また、独立して、Vreken ら (1996) は、成熟 DPD mRNA における 165 ヌクレオチドの欠失は、スキップされたエクソンの下流にある不変 GT 二量体スプライス供与部位における G-to-A 転位によるものであることを示しました。 同じ突然変異が、別の関連性のないオランダ人患者でも確認されました。この変異によりMaeII制限酵素のユニークな部位が破壊されたため、この変異を含む増幅ゲノム領域の制限酵素切断による迅速なスクリーニングが可能となりました。 50人の対照群の分析では、この変異のヘテロ接合性を持つ個体は発見されませんでした。 2人の患者はともに精神運動発達遅滞でしたが、その他の症状は異なっていました。 2人目の患者は痙攣を呈し、眼症状や小頭症は認められませんでした。
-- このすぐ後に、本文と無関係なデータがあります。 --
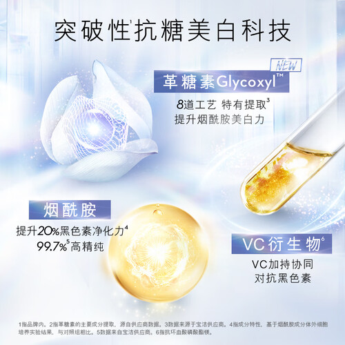 蕴含革糖素,帮助皮肤降低糖化速率,缓解暗黄焕亮肌肤。添加烟酰胺和维生素C,能够减少黑色素生成,让皮肤白净如初。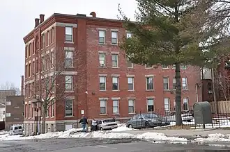 The Wellington Street Apartment House District of Worcester, Massachusetts encompasses a collection of stylistically similar apartment houses in the city's Main South area. It includes sixteen properties along Jacques Avenue, and Wellington and Irving Streets, most of which were built between 1887 and 1901. The notable exception is the Harrington House at 62 Wellington Street, a c. 1850s Greek Revival house that was virtually the only house standing in the area before development began in the 1880s.[2]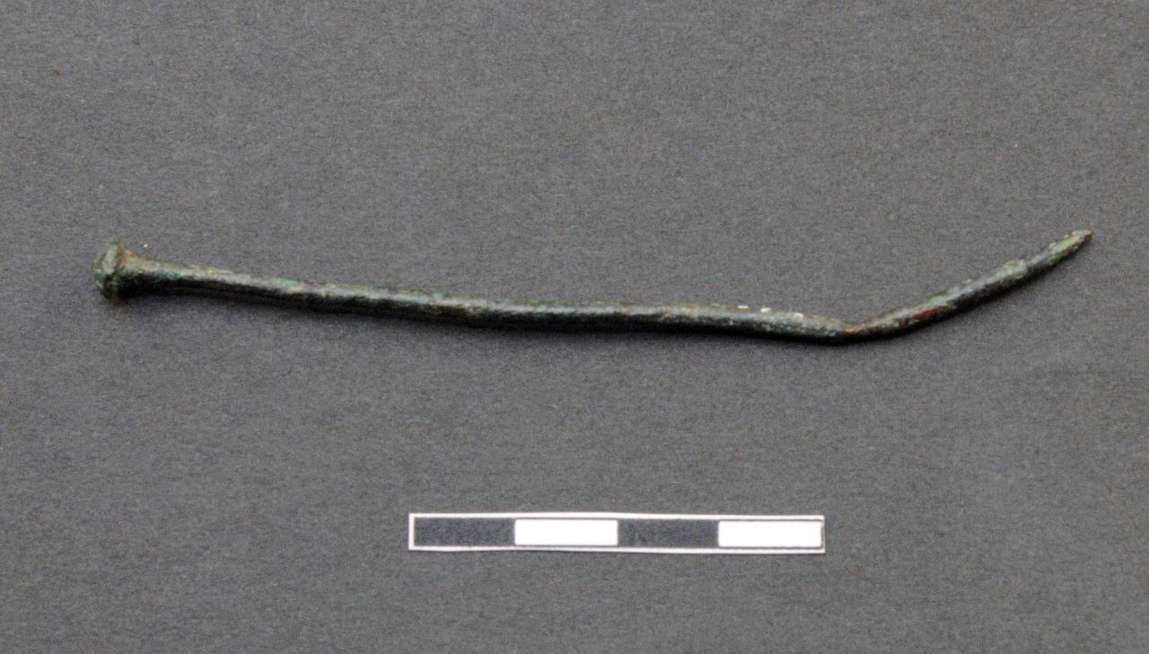 Spillone con capocchia circolare con sommità bombata, con collo non distinto a sezione circolare. La scheda cartacea parla di tracce di decorazione a zig-zag sul collo, ma non sono state rintracciate.

Van Kuilenburg ら (1997) は、重度の5-フルオロウラシル関連毒性と、165塩基対の欠失を伴う同じG-to-Aスプライス部位変異のヘテロ接合性を示す別の患者について報告しています。この患者では、5-フルオロウラシルの副作用として色素沈着および心毒性が見られました。この患者の白血球における酵素活性はヘテロ接合体の範囲内であることが判明しました。患者はデンマーク、フィンランド、オランダから来ていました。著者らは、酵素が完全に欠損している患者11人のうち8人にG-to-A変異が見られたと述べています。
Vrekenら(1998年)は、G-to-A変異によるエクソン14の欠失が、DPDが完全に欠損している患者42人のうち22人のアレリックで確認されたと述べています。
Van Kuilenburg ら (1999 年) は、DPYD 遺伝子のエクソン 14 の欠失につながる IVS14+1G-A 変異が、DPD 欠損症のアレリック 44 例中 23 例(52%)で認められることを発見しました。
0002 5-フルオロウラシル中毒
DPYD、ASP974VAL
RCV000030869
5-フルオロウラシルによる重度の毒性が見られた患者(274270を参照)において、Harris ら(1991年)およびAlbin ら(1995年)は、DPYD 遺伝子における変異を特定し、その結果、アスパラギン酸974がバリン(D974V)に置換しました。コドン974のアスパラギン酸残基はタンパク質の推定上の触媒部位内にはありませんが、このアミノ酸はヒト、ブタ、ウシの配列では保存されています。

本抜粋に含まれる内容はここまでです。